Vector coherent state theory of the generic representations of so(5) in an so(3) basis
P. S. Turner, D. J. Rowe, J. Repka
TL;DR
This paper develops an algorithm using vector coherent states to explicitly construct matrix representations of SO(5) irreducible representations in an SO(3) basis, aiding nuclear physics models.
Contribution
It introduces a novel algorithm for constructing SO(5) irreps in an SO(3) basis using vector coherent states, implemented in MAPLE.
Findings
Algorithm successfully constructs matrices for SO(5) irreps.
Implementation in MAPLE facilitates practical computations.

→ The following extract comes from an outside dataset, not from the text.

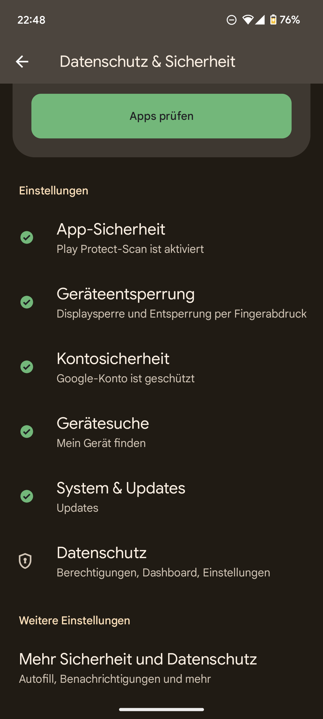 Sonst: öffne die Einstellungen und wähle Datenschutz und Sicherheit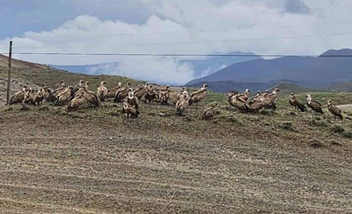 Karayolunu kullanan vatandaşlar, yol kenarında sürü halinde akbabaları görünce önce şaşırdı, ardından cep telefonlarına sarılan vatandaşlar bir süre akbabaları kaydetti. Vatandaşları fark eden akbabalar ise bölgeden uçarak uzaklaştı.

Results include tables of explicit matrix representations.
Abstract
For applications of group theory in quantum mechanics, one generally needs explicit matrix representations of the spectrum generating algebras that arise in bases that reduce the symmetry group of some Hamiltonian of interest. Here we use vector coherent state techniques to develop an algorithm for constructing the matrices for arbitrary finite-dimensional irreps of the SO(5) Lie algebra in an SO(3) basis. The SO(3) subgroup of SO(5) is defined by regarding SO(5) as linear transformations of the five-dimensional space of an SO(3) irrep of angular momentum two. A need for such irreps arises in the nuclear collective model of quadrupole vibrations and rotations. The algorithm has been implemented in MAPLE, and some tables of results are presented.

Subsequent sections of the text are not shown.